Ellingham91's picture
Ellingham91

Rye flour starter hydration?

I've started a rye flour starter as an offshoot of my normal 100% hydration white/whole wheat starter. I'm using whole grain rye made it to 100% hydration and it's still very stiff. Ive always used a more liquid starter so I guess my question is how does a stiffer starter change things? 

dabrownman's picture
dabrownman

wet. But it dies seem less wet than a white one at the same hydration.   Even 100% rye breads are routinely 100% hydration, or even more and quite gloppy.  I keep my stiff rye starter in the fridge at 66% hydration.

Happy rye baking  

drogon's picture
drogon

For another data point; My rye starter is kept at 150% hydration. My 100% rye loaves work out at about 96% hydration overall.

-Gordon

GAPOMA's picture
GAPOMA

So I just made my first 100% rye starter a couple of months back.  I too started with a coarse "dark" rye flour (Hodgson Mill Rye), but used the starter "recipe" from Norm Berg & Stan Ginsberg ("Inside the Jewish Bakery"), which is a 73% hydration starter.  So even stiffer!!!  I fed it for two weeks with my whole grain, coarse dark rye flour (Hodgson Mill) and boy was it stiff!  It smelled GREAT and was very active, but it was hard to work with.
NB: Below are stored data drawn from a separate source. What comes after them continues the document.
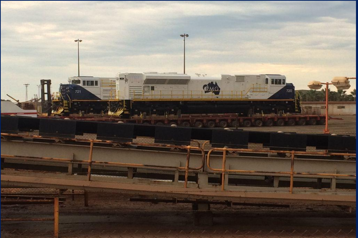
New FMG SD70ACE 720 and 721 on transport floats Port Hedland wharf 27/10. Photo Toad Montgomery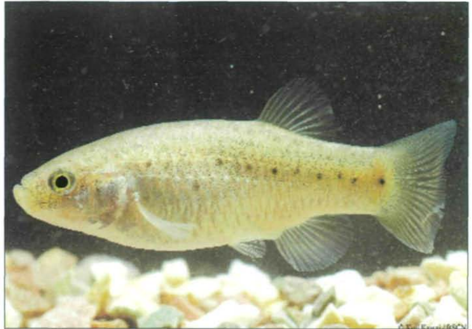
Tilapia zillii (GERVAIS 1848) (Fig. 11)

Medium size cichlids, anal fin with three spines, and scales usually cycloid. Substrate spawner and guarders of the brood, sexual dimorphism, dichromism minimal or missing (KRUPP & SCHNEIDER 1989).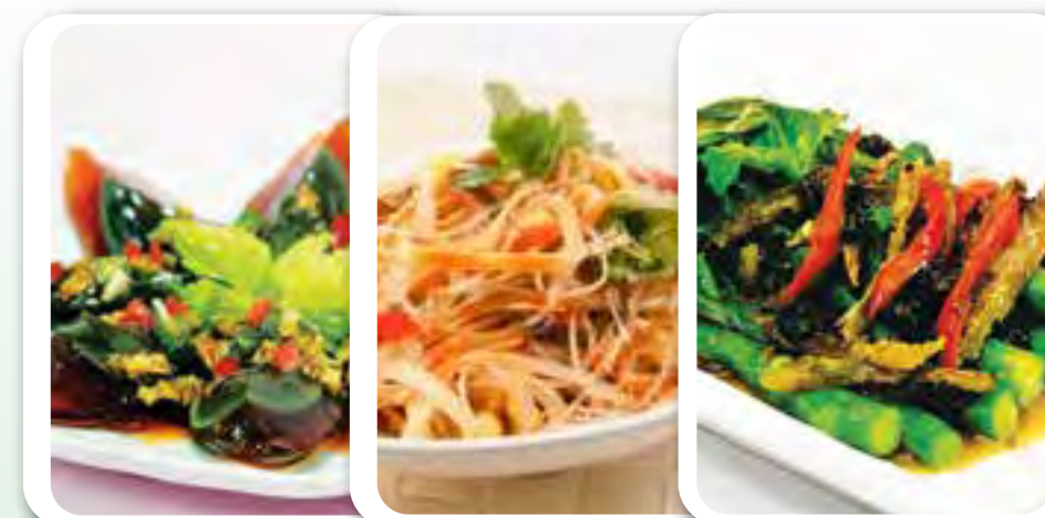
B20 Century Egg 善州松花蛋 $4.20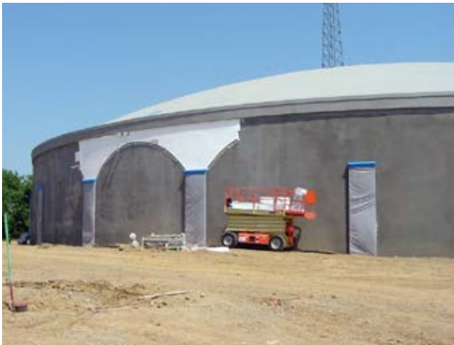
Fig. 3: EIFS arches being placed, East Hazel Crest, IL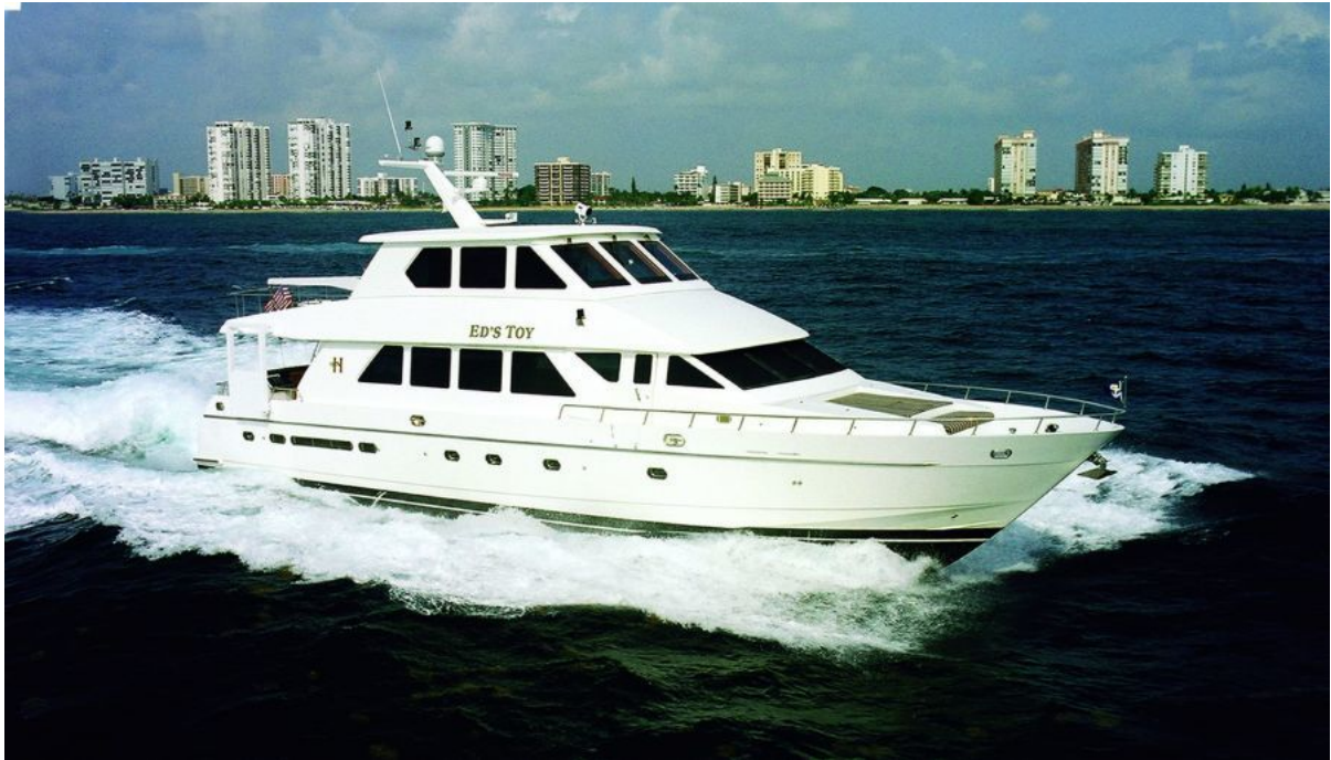
Pretty Lady Pretty Lady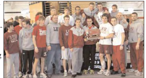
2005 PSAC Indoor Track and Field Championship runners-up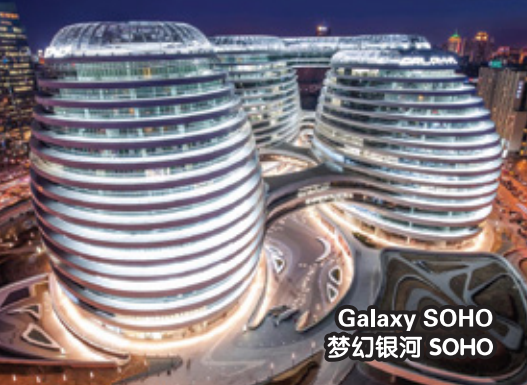
Galaxy SOHO 梦幻银河 SOHO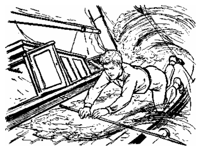
He flung himself down to grab the boathook

Recently I asked Stan what hydration he uses in response to a Moscow Rye recipe he posted.  He said he uses a 100% starter.  So I switched.  What I found was that the 100% hydration is easier to work than the 73% hydration, but it was still pretty stiff while I was using the coarse Hodgson Mill rye.  

More recently after talking with Stan and running out of the Hodgson Mill rye I was using,  I started feeding my starter with a finer grind of rye flour that I got at Whole Foods.  I think they called it "whole" rye flour.  Whatever.  It's not a white rye, but it's a much finer grind than the Hodgson Mill rye.  Almost immediately my 100% hydration rye starter was much wetter and easier to work/feed.  Much more like my 100% white flour starter in texture.  But it still has that great rye smell and is very active. 
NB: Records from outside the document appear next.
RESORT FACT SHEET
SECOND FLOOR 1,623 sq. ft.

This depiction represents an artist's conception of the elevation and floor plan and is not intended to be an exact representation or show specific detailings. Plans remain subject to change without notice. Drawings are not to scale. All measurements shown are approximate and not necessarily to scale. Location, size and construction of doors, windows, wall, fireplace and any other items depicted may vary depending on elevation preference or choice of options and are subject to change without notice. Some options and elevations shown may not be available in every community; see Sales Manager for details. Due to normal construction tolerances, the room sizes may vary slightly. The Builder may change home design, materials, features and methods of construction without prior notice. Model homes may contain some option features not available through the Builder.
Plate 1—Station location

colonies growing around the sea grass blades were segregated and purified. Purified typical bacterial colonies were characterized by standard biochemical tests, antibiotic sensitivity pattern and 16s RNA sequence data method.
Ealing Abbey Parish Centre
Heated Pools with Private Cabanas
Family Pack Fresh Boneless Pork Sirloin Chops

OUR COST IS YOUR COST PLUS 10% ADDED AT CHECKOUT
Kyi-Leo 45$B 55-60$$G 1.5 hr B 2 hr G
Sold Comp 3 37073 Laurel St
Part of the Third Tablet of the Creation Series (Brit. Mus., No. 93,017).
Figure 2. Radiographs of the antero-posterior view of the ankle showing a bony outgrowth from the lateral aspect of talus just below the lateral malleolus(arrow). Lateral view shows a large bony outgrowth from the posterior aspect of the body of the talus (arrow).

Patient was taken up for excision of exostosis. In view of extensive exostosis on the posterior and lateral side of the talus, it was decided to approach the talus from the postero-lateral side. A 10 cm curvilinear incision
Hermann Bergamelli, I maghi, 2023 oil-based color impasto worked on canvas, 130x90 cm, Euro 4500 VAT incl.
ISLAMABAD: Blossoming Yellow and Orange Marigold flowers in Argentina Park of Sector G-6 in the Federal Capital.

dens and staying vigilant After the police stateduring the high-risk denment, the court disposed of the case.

What did I learn ... I probably rediscovered the wheel.  My experience says that coarser ground flour leads to stiffer starters, and that moving to a finer grind will result in a thinner and perhaps easier to work starter.  I probably should have known all this before I started.

Ellingham91's picture
Ellingham91

i understand all of that I'm just wondering how stiffer starters affect the dough? Flavour  wise, texture wise, or if any effect at all. I know a stiffer starter is more forgiving in terms of feeding. But is there anything else?